Cited often as the greatest silent movie ever made, F. R. Murnau's 'Sunrise' opened in the U.S. just two weeks before the first significant 'talkie', 'The Jazz Singer', with Al Jolson. Says Thomson: '(There is)...Thomas Elsaesser's observation that in "Sunrise" we face "the open secret of film-making itself, intensely eroticising the very act of looking, but also every object looked at by a camera." The sheen in "Sunrise" is the glow of desirability. It affects all three of the leading characters, but it is an illumination that hangs over the world. It is incandescence. People felt they had seen insight, and once glimpsed that is nothing you would ever want to lose.'

Scandals like the death of a woman at a party given by Fatty Arbuckle led to the creation of the Hays Code. Will Hays was the postmaster general in the Harding administration.

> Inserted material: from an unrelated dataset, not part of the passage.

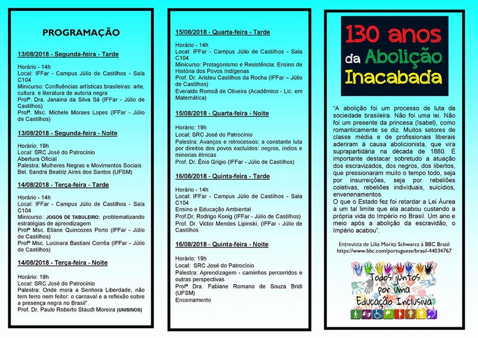Estão abertas até dia 12, as inscrições para a VIII Jornada de Educação e Cultura Afro- Brasileira e Indígena VI Curso de Educação Inclusiva e Diversidade. O evento é uma promoção da Coordenação de Ações Inclusivas do Campus Júlio de Castilhos, através do NEABI, NAPNE e NUGEDIS, em parceria com a Sociedade Cultural e Recretiva José do Patrocínio.sob a coordenação do professor Aristeu Castilhos da Rocha. As inscrições podem ser feitas através do link:http://eventos.jc.iffarroupilha.edu.br/8-neabi.php.
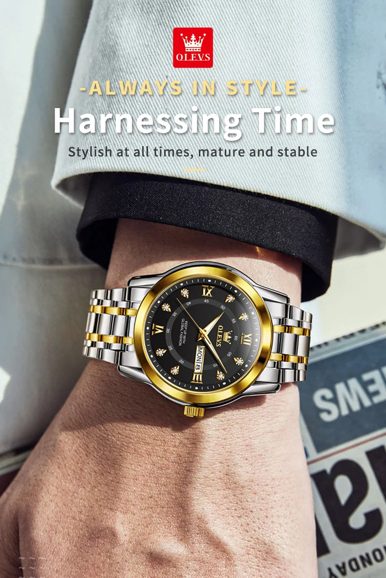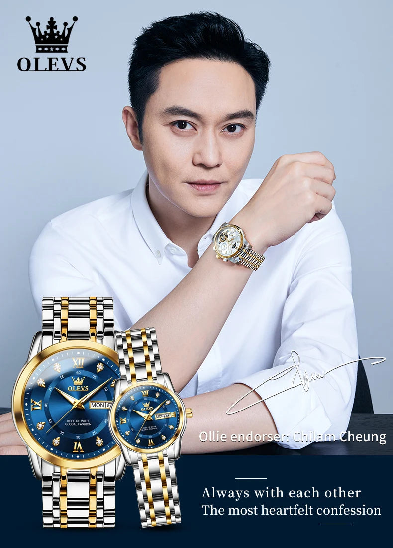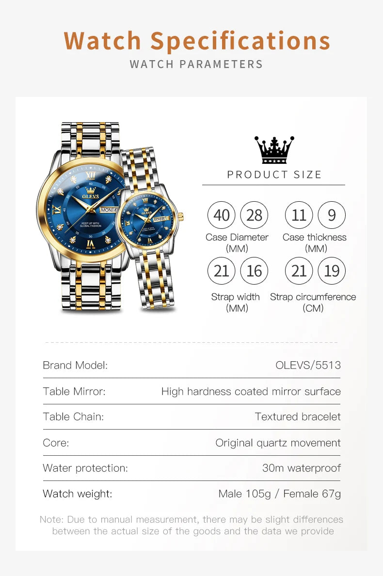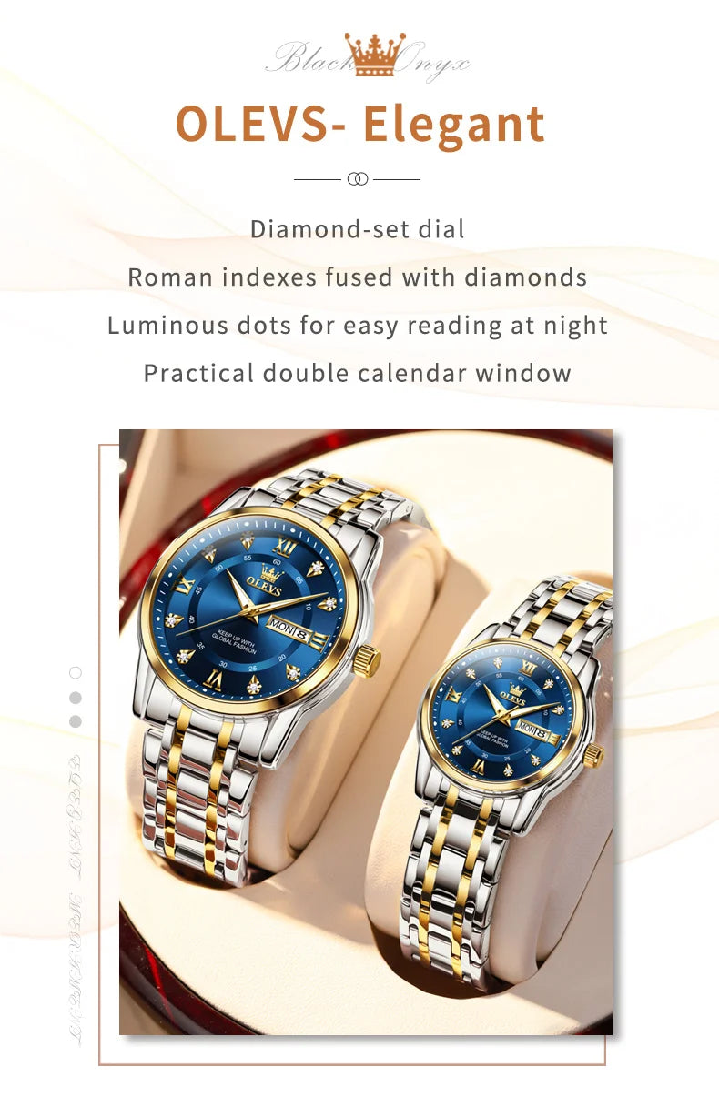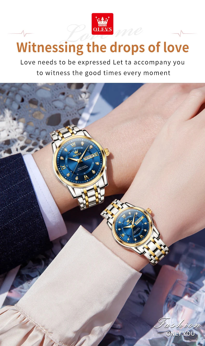 OLEVS 5513 Couple Watch For Wedding | Stainless Steel Waterproof Double Calendar Trendy Quartz Watch

Russian film people transplanted to Hollywood include Akim Tamiroff, Maria Ouspenskaya, Lewis Selznick and Louis B. Mayer. First generation Americans with Russian parentage include David O. Selznick, George Gerschwin and Kirk Douglas.

Revolutionary Russian film school was synonomous with the technique of 'Montage'. After success and western fame with 'Strike' and 'Battleship Potemkim', Einsenstein came to Hollywood looking for projects but ultimately came away empty-handed.

During the Depression, production costs for movies doubled, largely due to the advent of sound.

The great movie musical studio MGM also produced Ted Brownings 'Freaks' in 1932.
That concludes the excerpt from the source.